Introduction to Operating Systems

An overview of the fundamental roles of the operating system.
Video Rating: 4 / 5

Definition of Operating System

Definition of Operating System

While an operating system is a central part of your computer system, knowing the definition of an operating system is not integral to knowing how to use one. However, when you do know the definition of an operating system, you can better understand what it is doing inside your computer to make it run and to make using it easier for you.

In its basic form, the definition of an operating system is as follows: a set of computer programs that manage the hardware and software resources of a computer system. We can add to that definition to say that an operating system rationally processes electronic devices in response to approved commands.

At the foundation of all system software, an operating system performs basic tasks such as controlling and allocating memory, prioritizing system requests, controlling input and output devices, facilitating networking, and managing file systems.

Most operating systems have a command line interpreter as a basic user interface, but they may also provide a graphical user interface (GUI) for ease of operation. The operating system forms a platform for other system software and for application software.

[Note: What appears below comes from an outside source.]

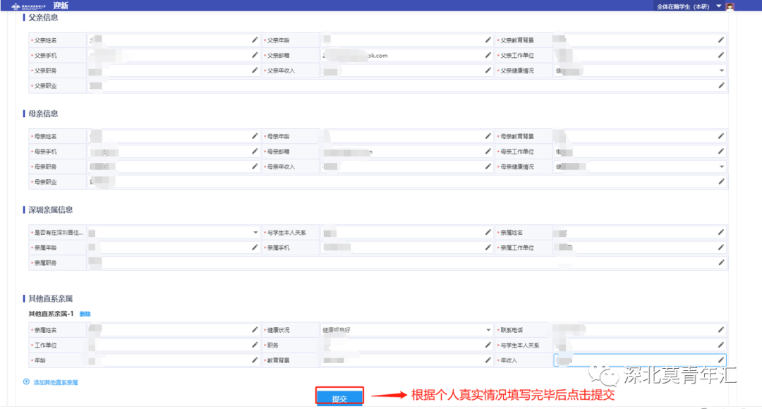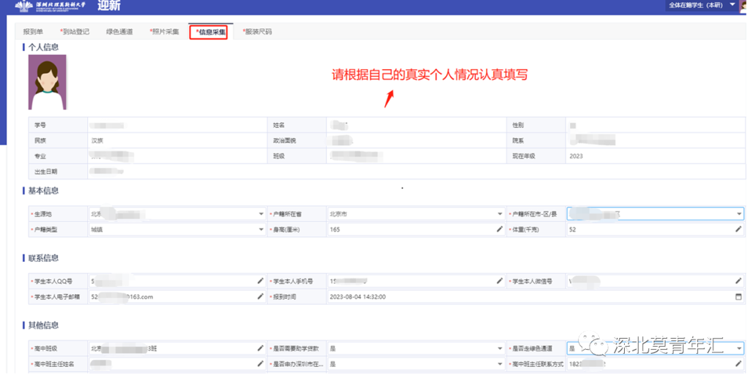 点击“信息采集”菜单,学生如实填写“信息采集”所需要的

At a more involved level, the definition of an operating system gets a little more involved when you explore what the operating system does inside of your computer. Here are some of the most common tasks:

* Process Management – Every program running on a computer is a process. In general, a CPU can only run one process at a time. The operating system will monitor requested processes and execute them in a pre-designed order often switching between them very quickly in a way called multi-tasking.
* Memory Management – The operating system’s memory manager coordinates the various types of memory use by tracking which one is available at any given time. It will also monitor which type of memory can be allocated or de-allocated and how to move data between the memories.
* Disk and File Systems – The way an operating system reads different kinds of file system as well as file storage likes in the way the files are named. Some operating systems read file names as case sensitive, while others disregard this.
* Security – All operating systems come with some type of security already built in. Because access to a computer and its often privileged information should be restricted to only authorized users, this aspect of an operating system might actually be its most important function.
* Networking – In the Internet age, networking capabilities of operating systems are very important. Networking capabilities can be either with an outside computer as in accessing the Internet or computer to computer as in a large mainframe operation. The operating system will coordinate all of this below the surface without the user even being aware it is happening.

The definition of an operating system can be simple or it can be more involved. Either way, knowing how your operating system is running your computer can be a very important part of being a responsible computer user.

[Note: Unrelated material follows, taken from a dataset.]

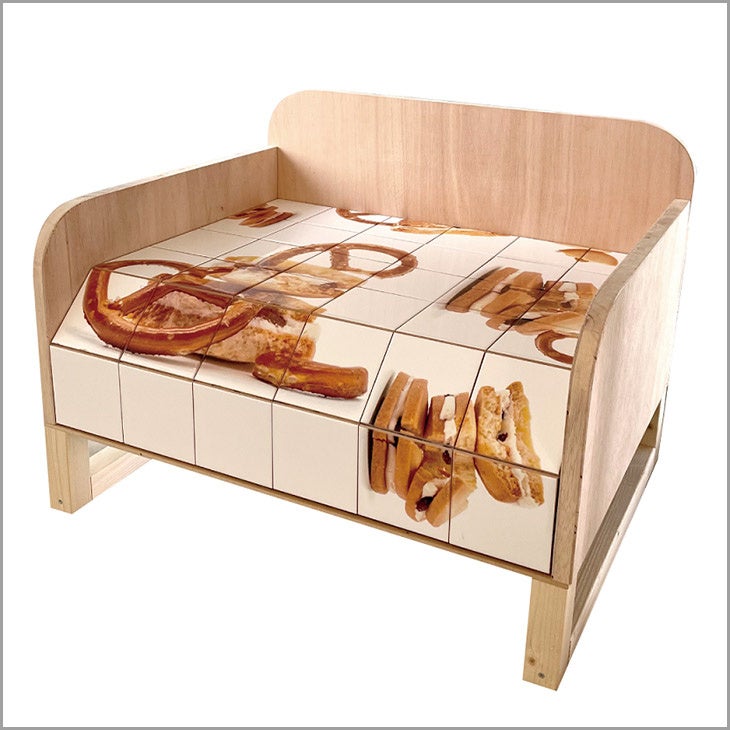 [作品名]cookie食べ物の写真を撮影し、焼き付けたタイルを使ったオブジェクト。

Related Networking Software Articles

Computer Operating Systems

Computer Operating Systems

Computer operating systems have evolved over the years to become one of the most integral software components of a computer system. Without the operating system, being able to use a personal computer would be much more difficult. The operating system allows the user to easily and more successfully navigate the computer system without having to know complicated commands and requests.

In the early days of computers, operating systems weren’t part of the overall system configuration. They came about after the super computers had already been invented. Before operating systems, information was input into the computer with punch cards. The system wasn’t very efficient and required knowledge of punch card machines just to get the desired information from the computer.

Then some programmers had a vision. They thought it would be wonderful if everyone could use a computer without having to know about complicated programming language. They began designing the first computer operating systems, and soon found success.

Today, there are many computer operating systems both already developed as well as currently in development. Most of these operating systems are designed solely with the user in mind. They allow computer operators to simply load programs into their computers and then navigate their system with the point of a mouse and the click of a button.

All computer operating systems have certain processes that they perform “behind the scenes” so that the user doesn’t really know that they are happening. This is called multi-tasking and makes it much easier to use a computer without having to manage resources manually. The operating system does it for you!

Your computer operating system will manage your random access memory, your hard disk memory, the scheduling of tasks, and so much more! It will provide a level of security to your computer so that you don’t have to worry about an outside party gaining access to any of the information on your computer. It will also navigate the various programs that are on your computer when you want to open those programs. Just tell the operating system, and it’ll take care of the rest!

The most popular operating systems today are Microsoft Windows and Apple’s Mac OS X. The technology for most computer operating systems came from these two computer giants and other operating systems have evolved from those. Linux and GNU are two other operating systems that are beginning to take hold in popularity, although they are mainly geared toward the mainframe and network system market.

The computer operating system brought personal computers into our homes and businesses and made it easy for anyone to use a computer. Without the computer operating system, using a computer would remain in the dark ages.